1 minute read
ACKWORTH ARCHIVES
Joseph Frankl (AOS 1946 - 1950) passed away in Israel on 21st of November 2021. Having escaped with his mother from his home in Czechoslovakia, he hid from the Nazis for three years in Hungary, surviving the siege of Budapest. He lost many members of his extended family in the Holocaust.
The Ackworth he arrived at in 1946 must have seemed like an oasis of calm after his experiences and the things he had witnessed in war torn Europe. He wrote about these in his autobiography “Under the Castle”. He summarised his Ackworth schooldays thus:

“Four wonderful, carefree years came to their end. Years filled with rich, rewarding experiences.
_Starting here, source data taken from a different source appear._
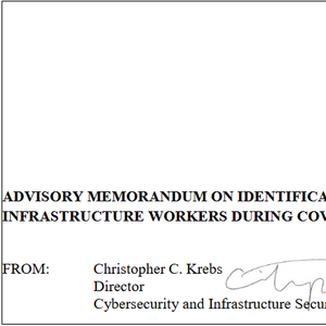 《疫情应对期间,鉴别必要的关键基础设施工作者的咨询意见备忘录》 图片来源:国土安全部文件截图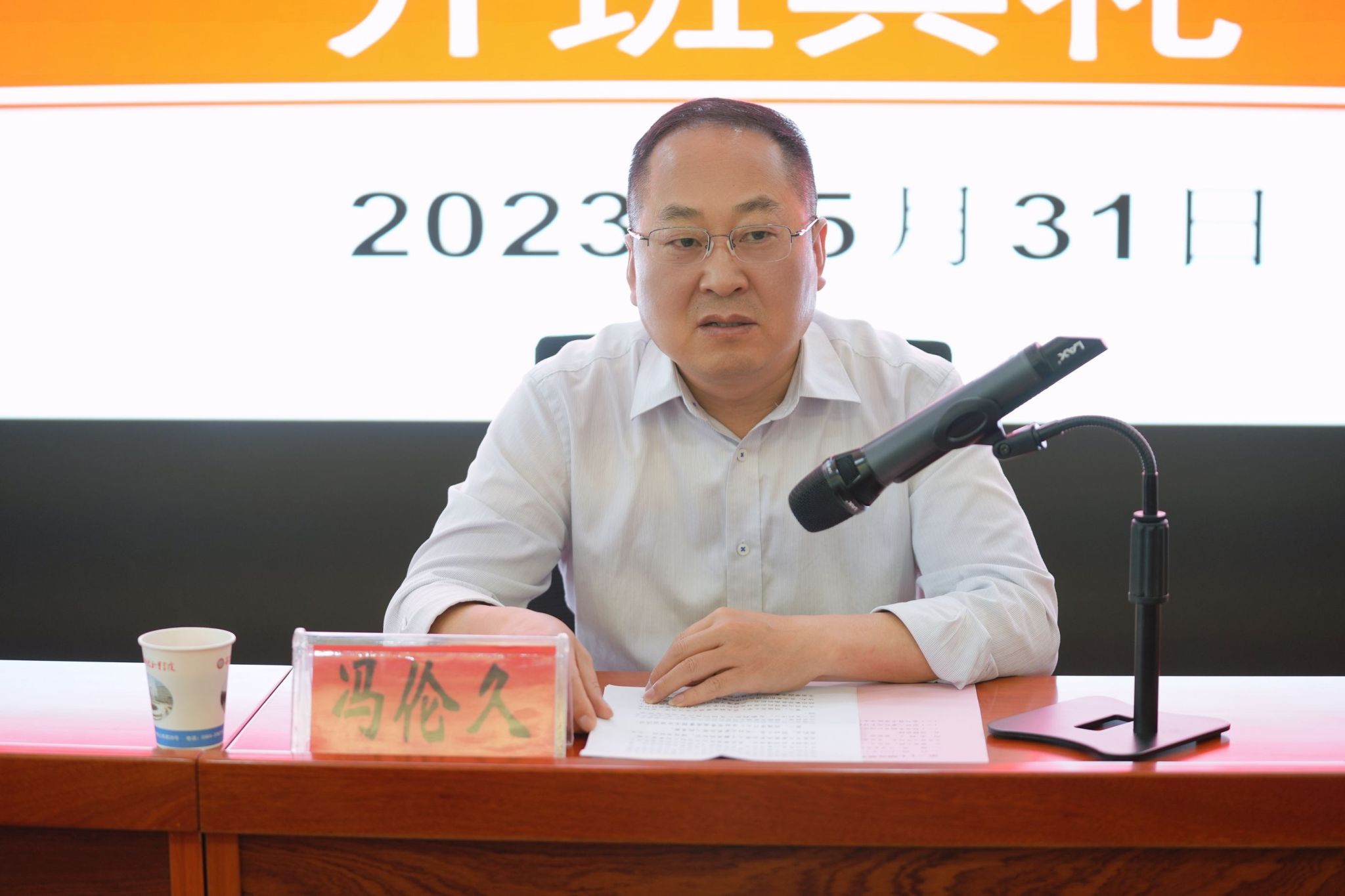 开班典礼上,冯伦久作开班动员讲话,他首先对参加党校学习的59名党员发展对象表示欢迎与祝贺。他指出,本次培训是在学校深入学习贯彻党的二十大精神的关键时间节点举办的一次具有重要意义的培训。对本次培训,他从“为什么学”、“学什么”、“怎么学”三个方面提出具体要求。他强调,对发展对象进行培训是发展党员必不可缺少的重要步骤,也是让学员更加深入了解党的知识、锤炼党性的一次机会;他希望,全体学员要进一步端正入党动机,通过学习党的二十大精神和习近平新时代中国特色社会主义思想等理论知识,加强对党的认识,坚定入党的决心;他要求,全体学员要明确学习目标,端正学习态度,对标优秀共产党员标准,进一步强化使命担当,树立为共产主义奋斗终身的信念,肩负起新时代赋予的重大历史使命。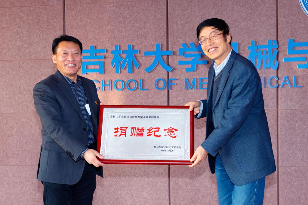 2021年12月29日,bevictor伟德举行“卓越机械公司产品改革”奖励基金捐赠仪式。长白山学者特聘教授、bevictor伟德“唐敖庆学者”卓越教授杨兆军将所获的“bevictor伟德(力旺)杰出团队建设贡献奖”奖金50万元全部捐给公司,成立卓越机械公司产品改革奖励基金,用于激励在机械学科公司产品改革发展中做出突出贡献的教师。

We’d been taught honour, respect, friendship, how to interact with other people……..I’d entered Ackworth with trepidation, a hardened survivor coming from a vastly different world, a young boy who spoke poor English, a foreigner in so many senses. I left Ackworth confident and poised. I’d caught up; achieved much, both academically and socially: I had become a well-adjusted Englishman. I owed my school a huge debt.”
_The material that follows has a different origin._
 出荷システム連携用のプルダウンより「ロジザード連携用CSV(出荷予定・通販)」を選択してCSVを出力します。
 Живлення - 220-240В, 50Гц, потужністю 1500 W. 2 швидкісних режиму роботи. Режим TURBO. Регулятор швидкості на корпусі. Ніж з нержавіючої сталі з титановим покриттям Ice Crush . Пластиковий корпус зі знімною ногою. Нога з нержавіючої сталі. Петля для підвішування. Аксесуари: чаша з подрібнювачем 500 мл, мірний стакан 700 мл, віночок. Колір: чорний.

Another Old Scholar who arrived at Ackworth after the war was Coryn Clarke (AOS 1946 - 1948). Coryn’s photo album, letters, diary and cuttings have recently been donated to the archives. They present a truly remarkable story.
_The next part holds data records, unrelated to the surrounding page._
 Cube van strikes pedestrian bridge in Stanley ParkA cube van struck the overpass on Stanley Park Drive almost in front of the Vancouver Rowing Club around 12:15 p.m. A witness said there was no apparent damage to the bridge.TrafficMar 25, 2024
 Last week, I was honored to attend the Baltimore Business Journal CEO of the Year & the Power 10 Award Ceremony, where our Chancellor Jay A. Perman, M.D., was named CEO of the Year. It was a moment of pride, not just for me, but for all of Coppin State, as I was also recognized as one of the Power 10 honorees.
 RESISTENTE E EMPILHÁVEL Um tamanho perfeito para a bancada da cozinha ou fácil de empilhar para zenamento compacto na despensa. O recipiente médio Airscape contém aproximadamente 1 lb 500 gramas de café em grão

“Punishment was very severe if you broke the Japanese rules. By Christmas ‘44, conditions were deteriorating, clothes were getting shabbier and shabbier, anything that could be saved was made into smaller garments, but it became colder and colder in the winter. Rations got smaller and smaller. We wore everything in bed and we didn’t care.”
They were finally liberated by the Americans. Coryn returned to Britain in 1946 and she joined Ackworth School where her older sister had been a pupil before the war.
Ackworth must have seemed a world away from her two and a half years of captivity.